**** Data for the task ****

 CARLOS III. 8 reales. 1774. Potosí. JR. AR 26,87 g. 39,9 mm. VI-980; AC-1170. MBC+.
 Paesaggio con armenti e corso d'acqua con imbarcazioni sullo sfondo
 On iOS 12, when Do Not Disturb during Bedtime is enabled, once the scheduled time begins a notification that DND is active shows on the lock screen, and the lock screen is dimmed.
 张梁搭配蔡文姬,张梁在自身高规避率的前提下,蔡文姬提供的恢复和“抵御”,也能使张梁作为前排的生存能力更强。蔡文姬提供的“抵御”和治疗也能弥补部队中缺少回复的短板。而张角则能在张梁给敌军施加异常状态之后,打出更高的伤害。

****
**** Data for the task ****

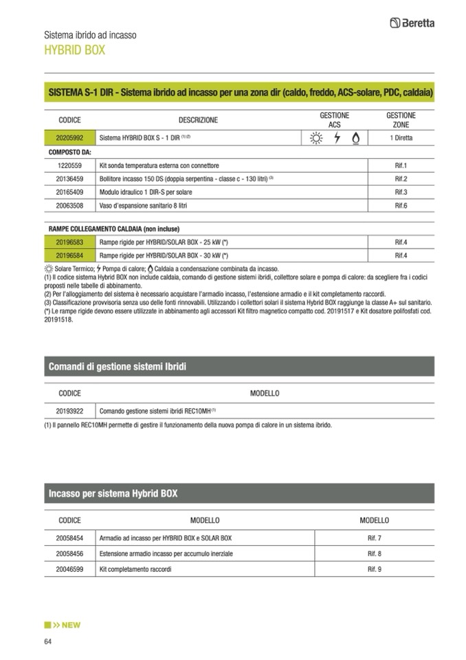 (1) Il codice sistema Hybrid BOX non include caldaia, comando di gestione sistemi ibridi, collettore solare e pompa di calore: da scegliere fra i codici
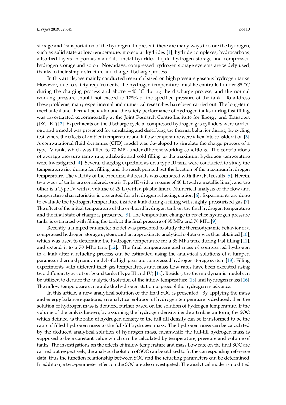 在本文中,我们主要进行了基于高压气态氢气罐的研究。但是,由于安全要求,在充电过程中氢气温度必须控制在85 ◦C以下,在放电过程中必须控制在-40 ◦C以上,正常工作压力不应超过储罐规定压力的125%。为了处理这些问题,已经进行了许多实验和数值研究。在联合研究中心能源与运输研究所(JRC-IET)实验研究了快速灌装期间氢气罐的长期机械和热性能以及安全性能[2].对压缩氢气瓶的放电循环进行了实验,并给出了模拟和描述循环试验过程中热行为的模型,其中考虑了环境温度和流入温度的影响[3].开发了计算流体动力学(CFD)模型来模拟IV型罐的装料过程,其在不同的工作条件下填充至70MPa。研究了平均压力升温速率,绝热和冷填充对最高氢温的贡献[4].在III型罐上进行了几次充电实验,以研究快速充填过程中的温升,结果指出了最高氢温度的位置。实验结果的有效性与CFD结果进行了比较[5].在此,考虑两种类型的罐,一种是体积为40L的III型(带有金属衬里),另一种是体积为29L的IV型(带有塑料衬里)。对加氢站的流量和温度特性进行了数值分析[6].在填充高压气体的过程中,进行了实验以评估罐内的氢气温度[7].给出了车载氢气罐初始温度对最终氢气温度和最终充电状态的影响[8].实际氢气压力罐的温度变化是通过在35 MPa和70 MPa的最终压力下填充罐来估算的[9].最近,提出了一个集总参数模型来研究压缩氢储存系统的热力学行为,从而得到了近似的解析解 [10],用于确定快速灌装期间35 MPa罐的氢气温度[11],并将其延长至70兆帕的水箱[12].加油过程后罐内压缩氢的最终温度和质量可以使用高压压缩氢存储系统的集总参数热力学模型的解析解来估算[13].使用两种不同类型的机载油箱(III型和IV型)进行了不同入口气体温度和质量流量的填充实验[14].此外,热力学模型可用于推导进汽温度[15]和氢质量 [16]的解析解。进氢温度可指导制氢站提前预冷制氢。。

****
**** Data for the task ****

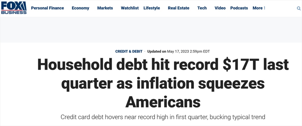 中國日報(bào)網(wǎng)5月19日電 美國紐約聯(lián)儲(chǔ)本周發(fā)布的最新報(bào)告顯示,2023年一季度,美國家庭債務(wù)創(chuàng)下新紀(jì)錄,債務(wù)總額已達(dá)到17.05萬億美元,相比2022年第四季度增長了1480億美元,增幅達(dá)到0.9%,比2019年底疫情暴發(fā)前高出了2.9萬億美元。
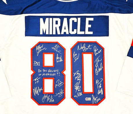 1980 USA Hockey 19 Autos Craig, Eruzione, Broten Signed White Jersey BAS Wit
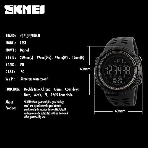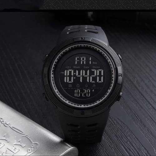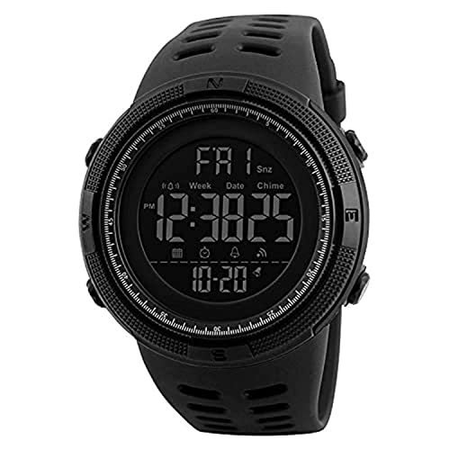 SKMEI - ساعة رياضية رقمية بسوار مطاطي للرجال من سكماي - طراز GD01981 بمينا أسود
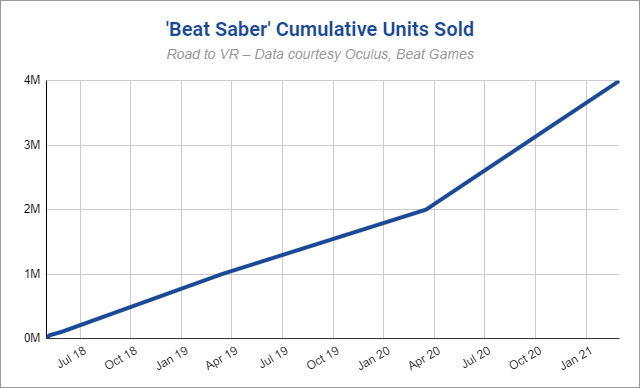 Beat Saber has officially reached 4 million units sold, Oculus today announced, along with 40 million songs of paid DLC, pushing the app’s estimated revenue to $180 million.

****

◆ **Your assignment**
What are the lines, exactly as written above, from the line with "On iOS 12, when" to the line with "张梁搭配蔡文姬,张梁在自身高", both included? Output only those.

◆ **Solution for this task**
 On iOS 12, when Do Not Disturb during Bedtime is enabled, once the scheduled time begins a notification that DND is active shows on the lock screen, and the lock screen is dimmed.
 张梁搭配蔡文姬,张梁在自身高规避率的前提下,蔡文姬提供的恢复和“抵御”,也能使张梁作为前排的生存能力更强。蔡文姬提供的“抵御”和治疗也能弥补部队中缺少回复的短板。而张角则能在张梁给敌军施加异常状态之后,打出更高的伤害。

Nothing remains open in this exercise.